The next morning, I walked back down on my own for another look at the Adélies. I passed Shackleton's hut, stumbling slightly on the stubbly volcanic rock streaked white with old guano. A skua down in a hollow began beating its wings and scolding me. When it saw it had my attention it took off, flapping in an unnecessarily showy way. Beyond it I could just see the egg on the ground that it was trying to distract me from.

I steered politely away and continued down to the colony, where I found a warm spot out of the wind. I was careful not to get too close to the penguins. The Antarctic Treaty forbids you from approaching any wildlife here—though it's OK if they come up to you. (To do the work that David and all the other researchers do here requires careful scientific justification and vast numbers of forms and permits. Even to visit here I had to be included on one of his permits, but after what he said I had no intention of violating the penguins' personal space, or, indeed, their sense of self.)
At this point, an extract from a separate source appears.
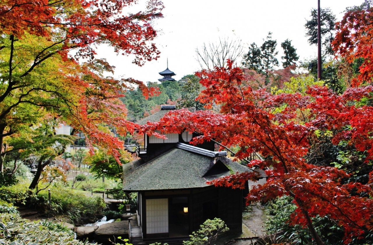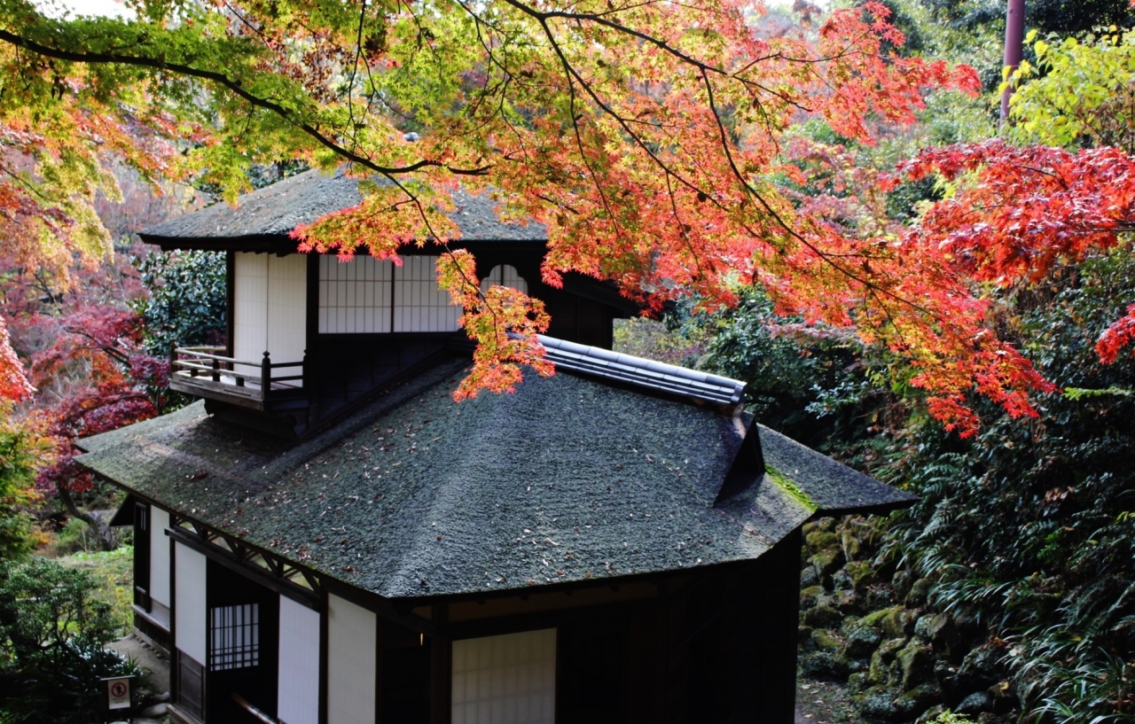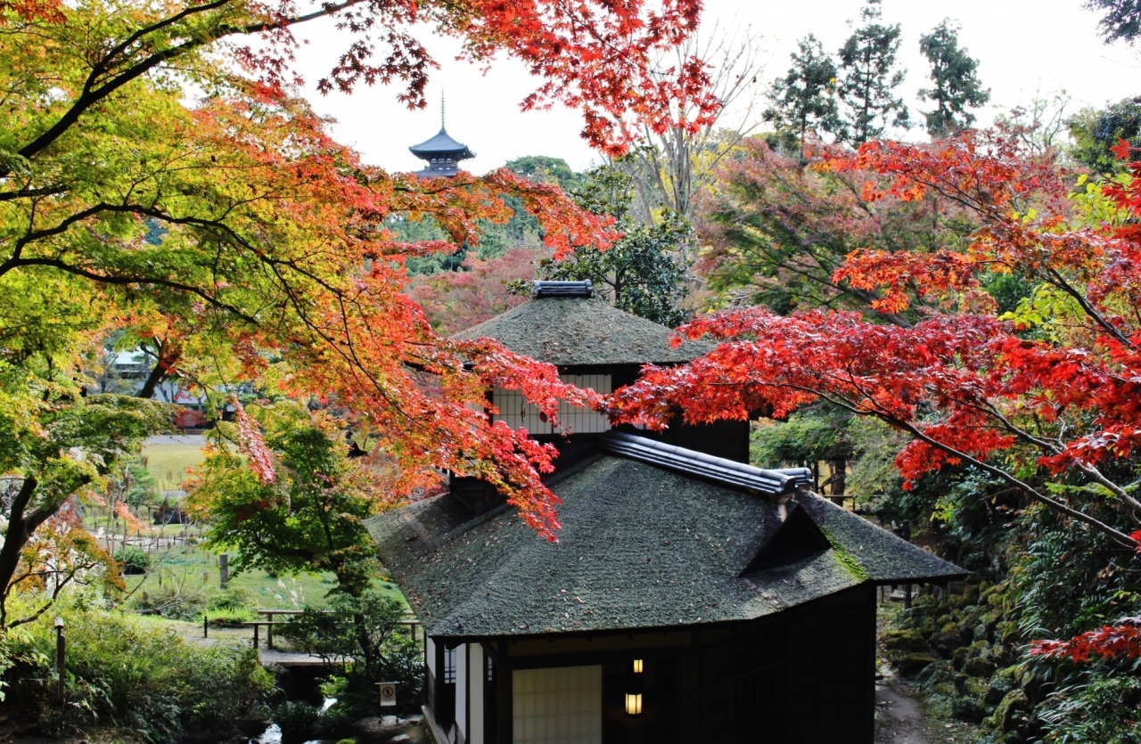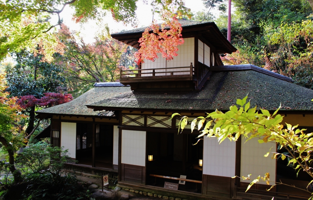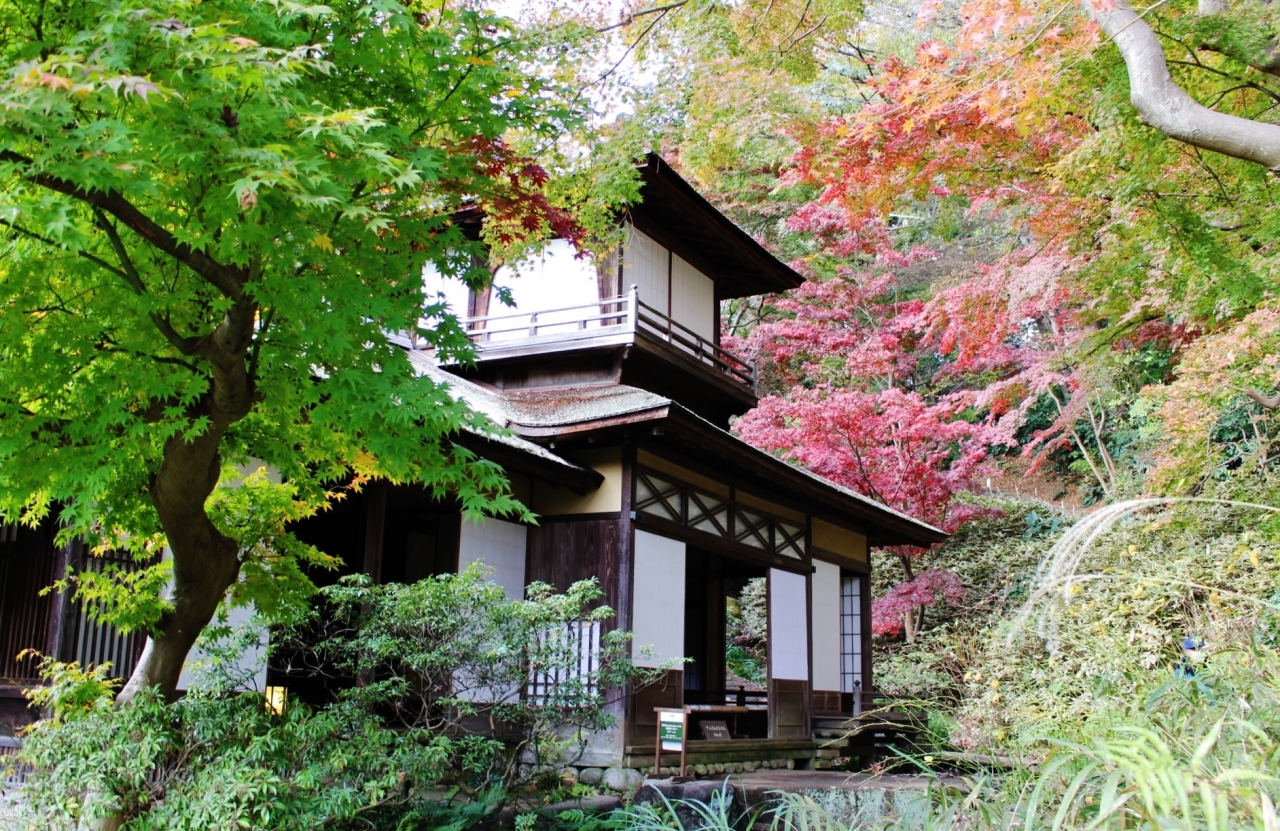 複雑な構造の建築が映える 三渓園随一の紅葉スポット

My vantage point was surprisingly restful. Most of the penguins were lying on nests, chattering vaguely to themselves. Occasionally, a bird trotted by for what I now recognised as a nest relief. Several were returning to empty nests. Thanks to the blocking sea ice the journey for food had taken too long. Their mates had finally given up and left, the eggs had been stolen by skuas, and most of the stones had been spirited away by other penguins. All that was left was a slight hollow in the rocks and a pitiful few stones that nobody else wanted. But the incoming birds sat there anyway. Occasionally one would stand and stretch its body and neck until it was comically elongated and then snapped back like a rubber band into the normal penguin shape. Then it would flap its flippers madly. This curious ritual passed in waves throughout the colony, as contagious as a yawn.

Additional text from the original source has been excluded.